A Genetic Variant in CDKN2A Gene Predicts the Risk of Developing Cervical Cancer

Background: Cervical cancer is among the most commonly occurring cancers in women. Despite extensive efforts in the identification of prognostic and predictive biomarkers, only a very small number of markers have been identified. Several genetic variants in the 9p21 region have been found to be associated with an increased risk of developing cancers.
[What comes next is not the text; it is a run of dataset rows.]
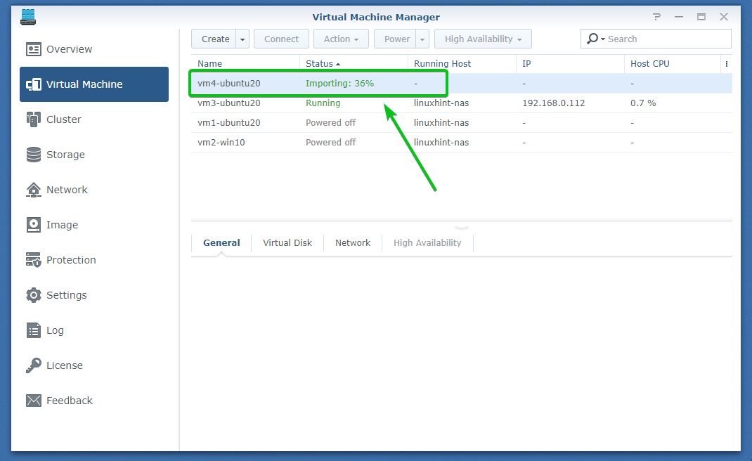 The virtual machine vm4-ubuntu20 is being imported, as you can see in the screenshot below. It may take a few minutes to complete.
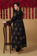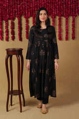 A fitted panelled flared dress with all over motif detailing and round neckline, featuring an attached koti detaling with mukaish detailing and gathers at the waist. Paired with a matching straight fit trouser.
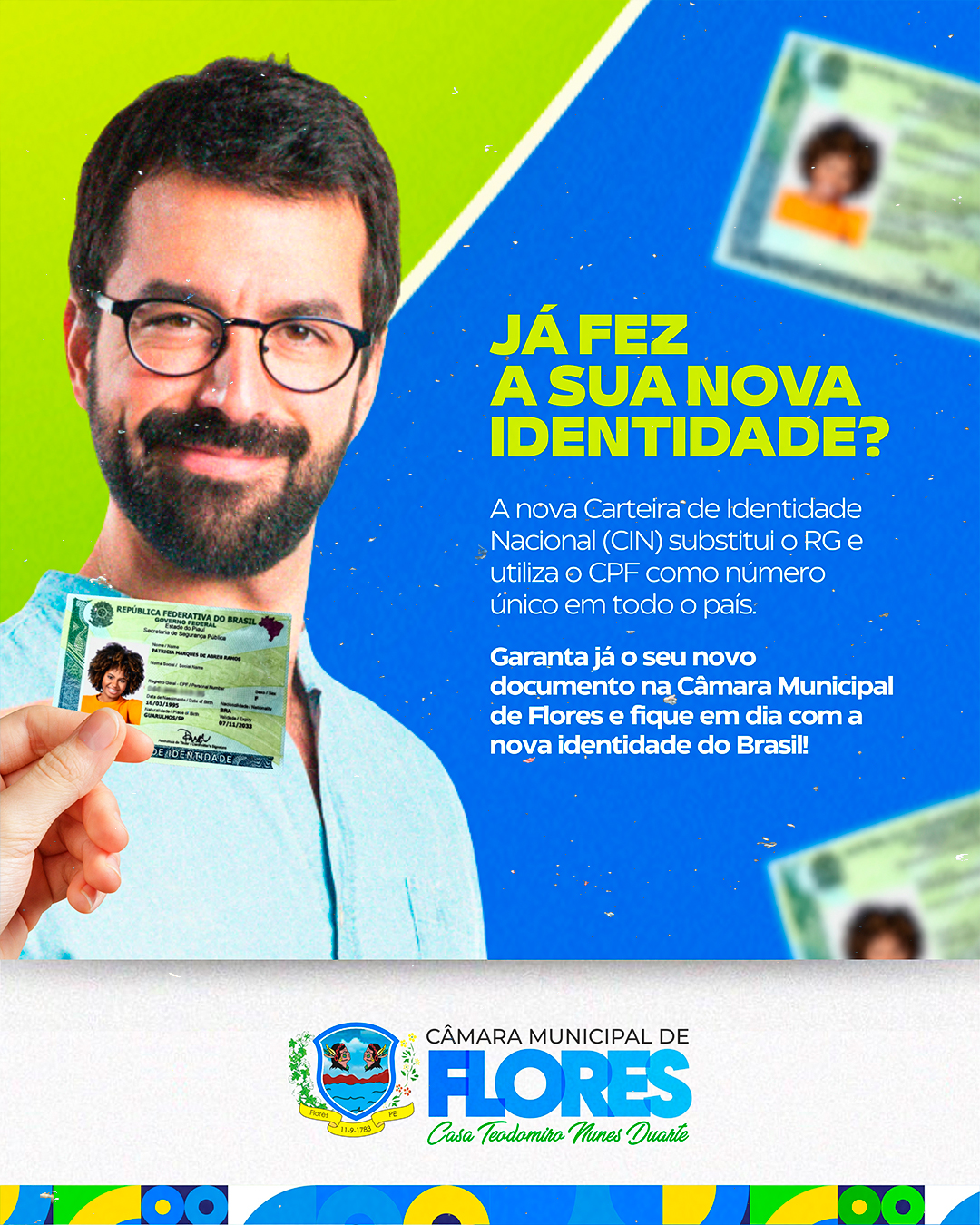 Já fez a sua nova identidade? Agora você pode tirar a Carteira de Identidade Nacional (CIN) diretamente na Câmara Municipal de Flores! 💳💙 A nova CIN substitui o RG e usa o CPF como número único em todo o país. 📍 Procure a Câmara e garanta o seu novo documento!
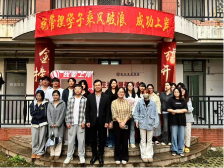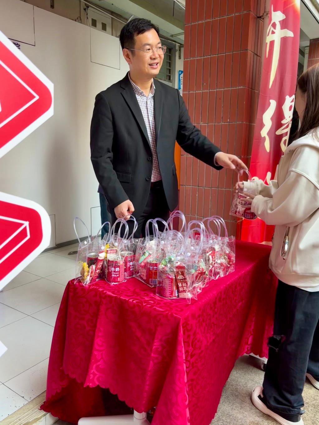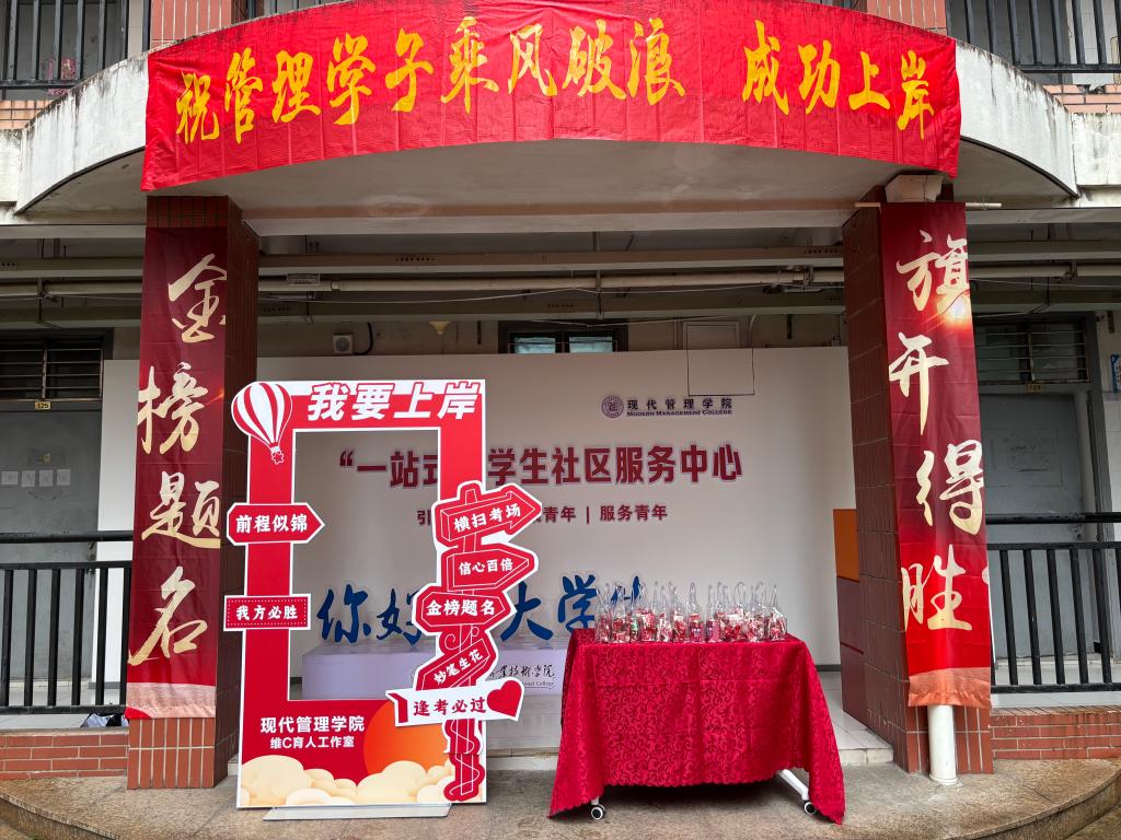 活动现场布置温馨,气氛热烈,红色横幅“祝管理学子乘风破浪,成功上岸”高高悬挂,寓意着公司对广大考生的深切关怀与美好期盼。两侧的“金榜题名”“旗开得胜”对联祝福满满,激励人心。为更好地服务考生,公司精心准备了暖心礼包,寓意“逢考必过、金榜题名、前程似锦。公司党总支副书记(主持工作)邵超群亲临活动现场,为考生们送上祝福与礼物,并勉励大家坚定信心、积极备考、沉着应对,在追逐梦想的道路上勇敢追光、全力以赴。
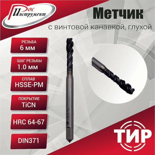 Метчик с винтовой канавкой, глухой М 6х1,0 HSSE-PM 6H TiCN DIN371
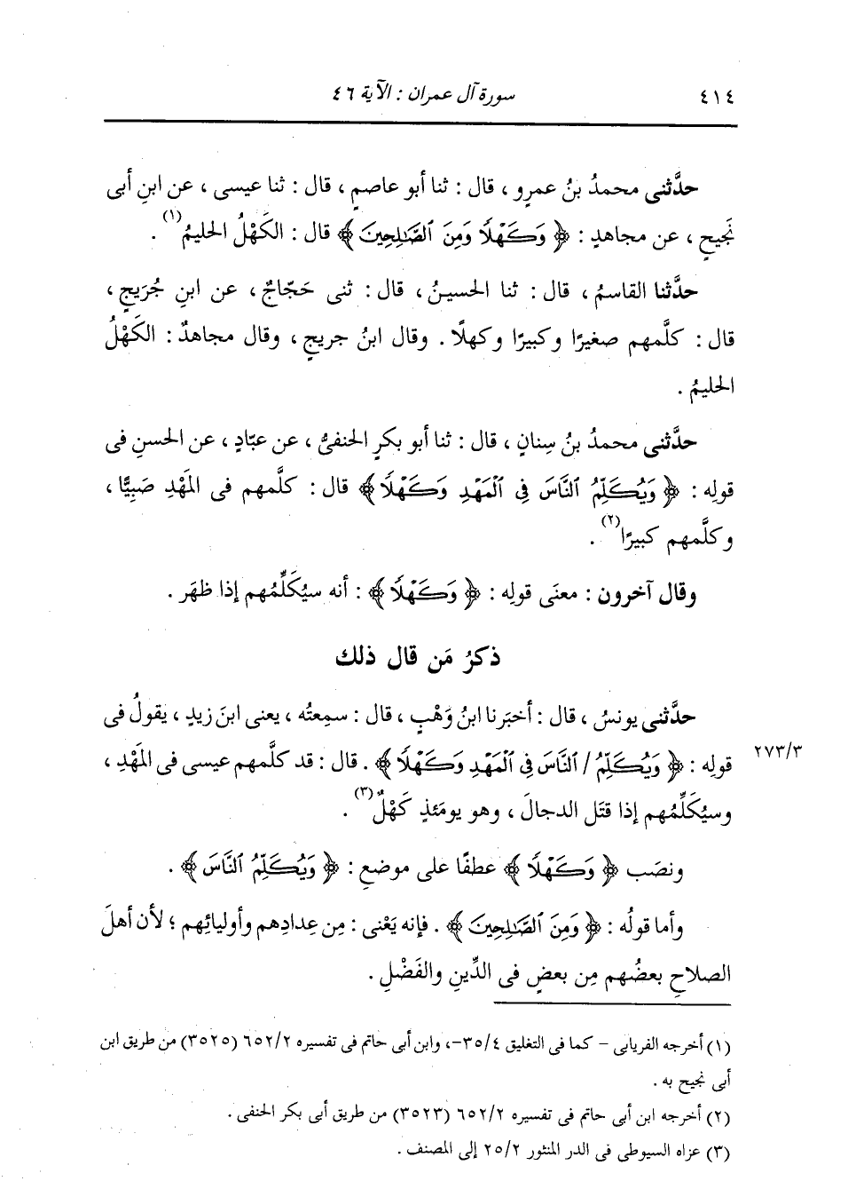 ذِكْرُ مَنْ قَالَ ذَلِكَ: حَدَّثَنِي يُونُسُ، قَالَ: أَخْبَرَنَا ابْنُ وَهْبٍ، قَالَ: سَمِعْتُهُ يَعْنِي ابْنَ زَيْدٍ يَقُولُ فِي قَوْلِهِ: {§وَيُكَلِّمُ النَّاسَ فِي الْمَهْدِ وَكَهْلًا} [آل عمران: 46] قَالَ: «قَدْ كَلَّمَهُمْ عِيسَى فِي الْمَهْدِ، وَسَيُكَلِّمُهُمْ إِذَا قَتَلَ الدَّجَّالَ، وَهُوَ يَوْمَئِذٍ كَهْلٌ» وَنَصَبَ كَهْلًا عَطَفَا عَلَى مَوْضِعِ: وَيُكَلِّمُ النَّاسَ، وَأَمَّا قَوْلِهِ: {وَمِنَ الصَّالِحِينَ} [آل عمران: 46] فَإِنَّهُ يَعْنِي: مِنْ عِدَادِهِمْ وَأَوْلِيَائِهِمْ لِأَنَّ أَهْلَ الصَّلَاحِ بَعْضُهُمْ مِنْ بَعْضٍ فِي الدِّينِ وَالْفَضْلِ
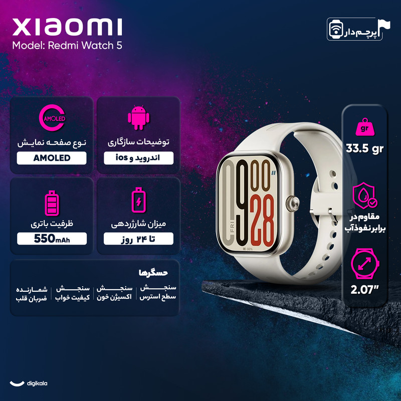 قابلیت های ویژه : مقاوم در برابر نفوذ آب تا عمق 50 متری / مجهز به دو میکروفون / دارای 150 حالت ورزشی
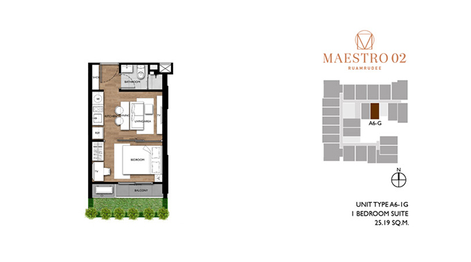 แบบ 1 ห้องนอน สวีท (พื้นที่ใช้สอย 25.5-37.0 ตร.ม.) A6-1G : พื้นที่ใช้สอย 25.19 ตร.ม. (
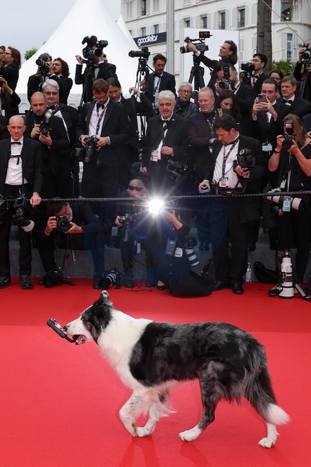 M - Le chien du film "Anatomie d'une chute" lors de la montée des marches du film « Le deuxième acte » pour la cérémonie d’ouverture du 77ème Festival International du Film de Cannes
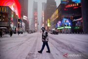 Seorang warga berjalan di kawasan Times Square saat badai salju lebat menerjang sebagian besar wilayah Amerika Serikat di Kota New York, Amerika Serikat, Minggu (25/1/2026). Menurut Badan Layanan Cuaca Nasional Amerika Serikat, hujan salju lebat dan lapisan es berbahaya diperkirakan terjadi di wilayah yang membentang dari Texas bagian timur hingga Carolina Utara. Keadaan darurat telah diumumkan di 20 lebih negara bagian. ANTARA FOTO/REUTERS/Jeenah Moon/wsj.

The aim of present study was to explore the value of a genetic variant (rs10811661) in the CDKN2A in cervical cancer for the first time.Methods: Data in computer-based patient dossiers (CPRs) of Mashhad University of Medical Sciences at Ghaem Hospital were applied to identify cervical cancer patients, between 2014 to September 2017. Sixty-four patients and 493 healthy subjects with no known history of infectious HPV, cancer, or family history of cancer were used. DNA was extracted, followed by genotyping using real-time-PCR. The genotype frequency and allele distribution of cases and controls were analyzed using χ2, t-test or multivariate analyses.Results: Our data showed the genotypic frequency for TT, TC and CC of the CDKN2A locus were 61.6%, 27.7%, 11.1% in the patient group and 70.7%, 25.5%, 3.6% in the healthy control group. Moreover, our data showed that the TT genotype of the rs10811661 polymorphism, using a recessive genetic inheritance model, was associated with an increased risk of cervical cancer (e.g., OR: 1.3, 95% CI: 1.1-2.9, p=0.04).Conclusion: We have demonstrated that patients with a TT genotype for the rs10811661 polymorphism of the CDKN2A gene locus were associated with increased risk of cervical cancer. Further investigations are required in a larger population to explore the value of this gene marker in the management of cervical cancer.